Welcher Fehler beim Begründen am häufigsten begangen wird und wie Sie für Ihre Praxis einen individuellen Begründungskatalog erstellen, schildert unsere Abrechnungsexpertin Christine Baumeister-Henning.
Inhalt
- Der häufigste Fehler beim Begründen
- Anamnese des Patienten
- Besonderheiten des Patienten
- Auch Angstpatienten erfordern besondere Vorgehensweisen
- Leitfrage: „Was war anders?“
- Vom zahnärztlichen Sachverstand profitieren
- Beispiel
- Wichtiger Hinweis
- Die Autorin
Der Zahnarzt ist gemäß § 5 Abs. 2 GOZ verpflichtet, jede seiner Leistungen zu bemessen und in einem Gebührenrahmen von Faktor 1,0 bis 3,5 zu bewerten. Der 2,3fache Steigerungssatz bildet hierbei eine Leistung mit durchschnittlicher Schwierigkeit und durchschnittlichem Zeitaufwand ab.
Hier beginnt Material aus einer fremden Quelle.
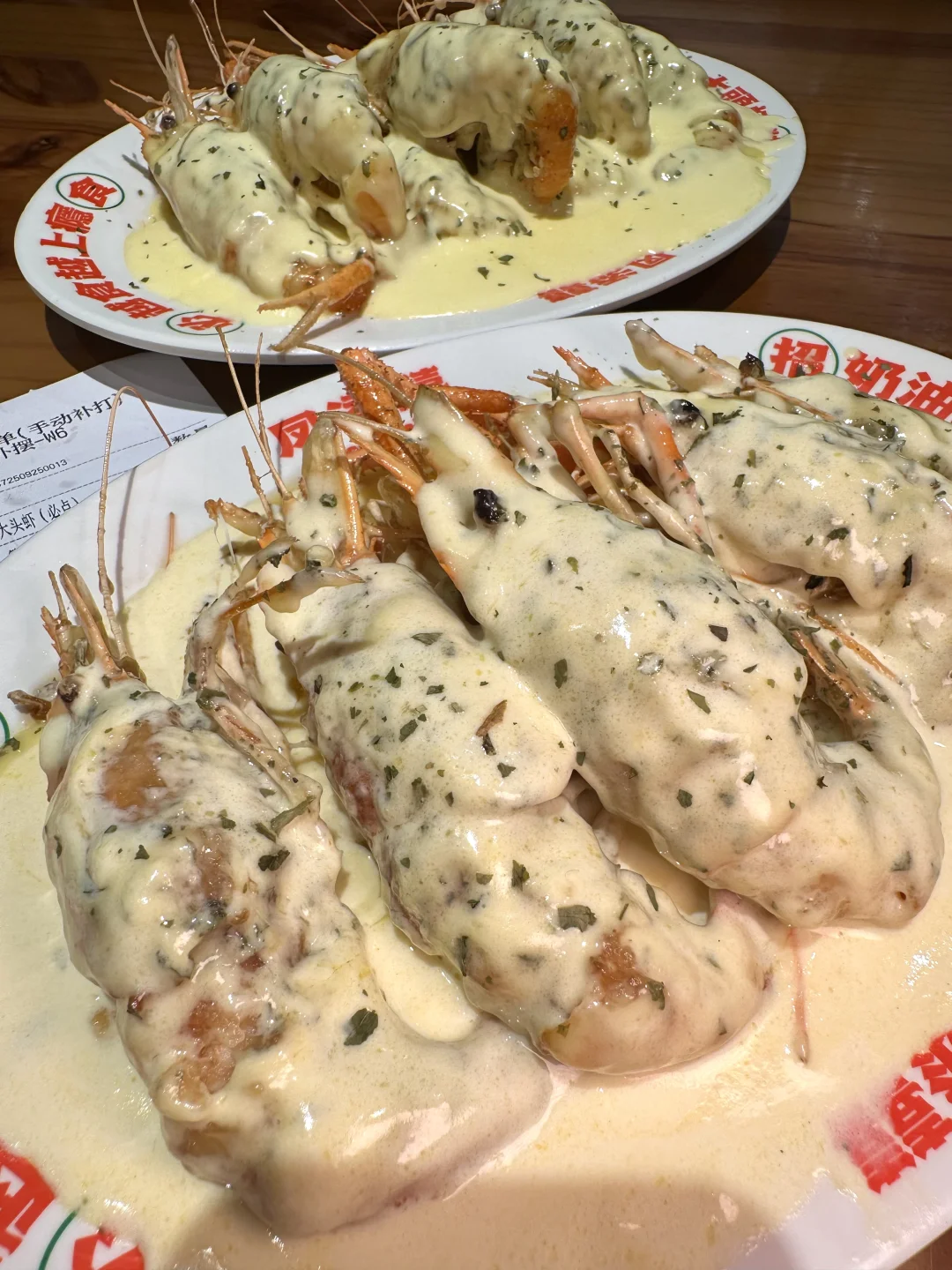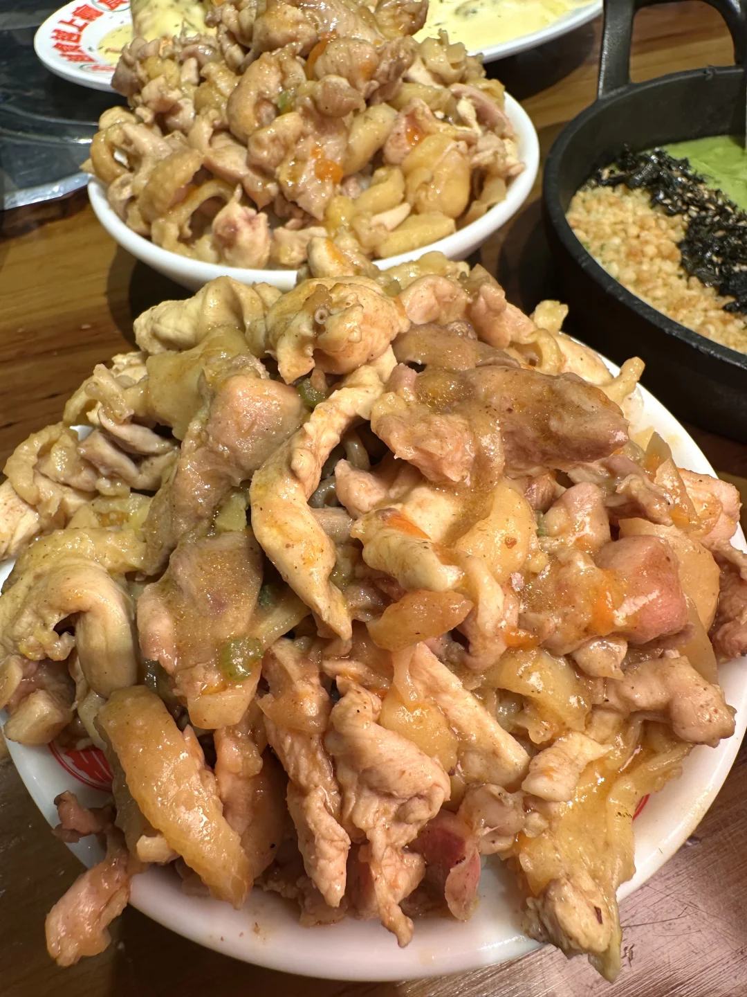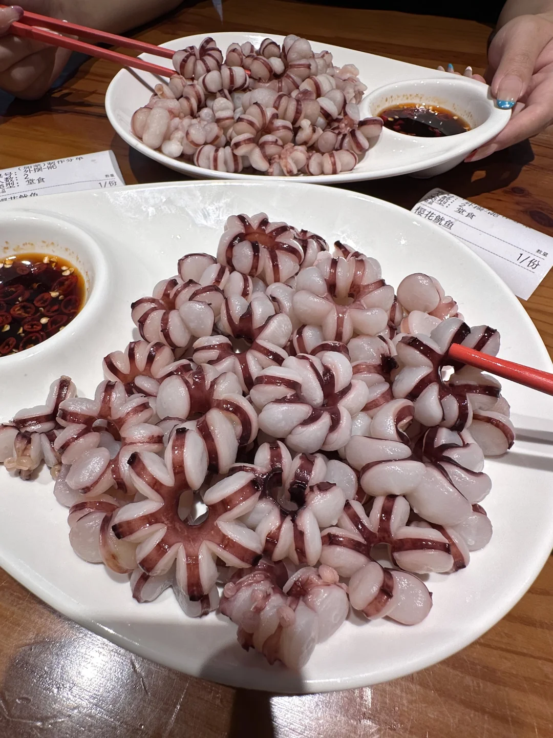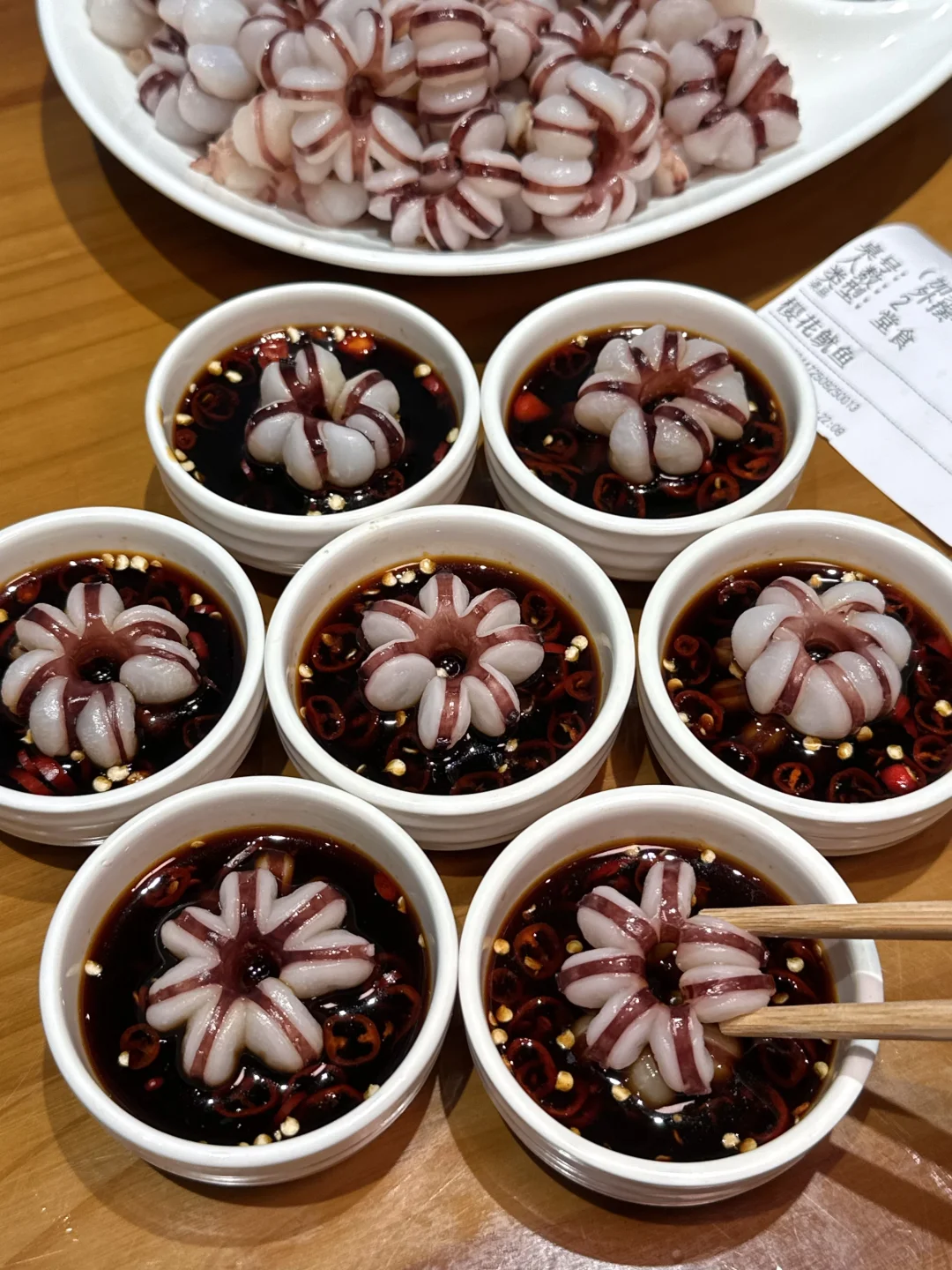 沙嗲鸡翅!!!在无锡吃过一次,念念不忘! 香酥香酥的,沙嗲味真的好喜欢! 还有沙嗲牛排煲配燕皮千丝一起煮! 还有樱花鱿鱼 🦑 ·
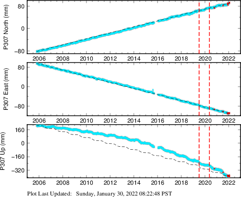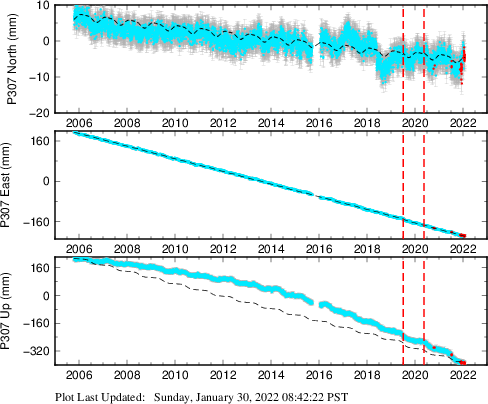 These results are preliminary. The station positions are unchecked and should not be used for any engineering applications. There may be errors in the antenna heights. The velocities are very dependent on the length of the span of observations. The presence of outliers (errant observations) sometimes contaminates the velocities.

Bei der Bemessung der Gebühr sind die folgenden Bemessungskriterien heranzuziehen:
- Zeitaufwand der einzelnen Leistung
- Schwierigkeit der einzelnen Leistung
- Umstände bei der Ausführung der einzelnen Leistung
- Schwierigkeit des Krankheitsfalles
Der häufigste Fehler beim Begründen
Als Begründung oder Rechtfertigung wird die Darlegung von Gründen für eine These verstanden. Für die zahnärztliche Honorarforderung übersetzt bedeutet dies Folgendes: Der Zahnarzt behauptet mit seiner Honorarforderung, seine Leistung sei überdurchschnittlich zeitaufwändig oder schwierig gewesen. Mit der abgegebenen Begründung muss er den Beweis für die Berechtigung seiner Honorarforderung erbringen.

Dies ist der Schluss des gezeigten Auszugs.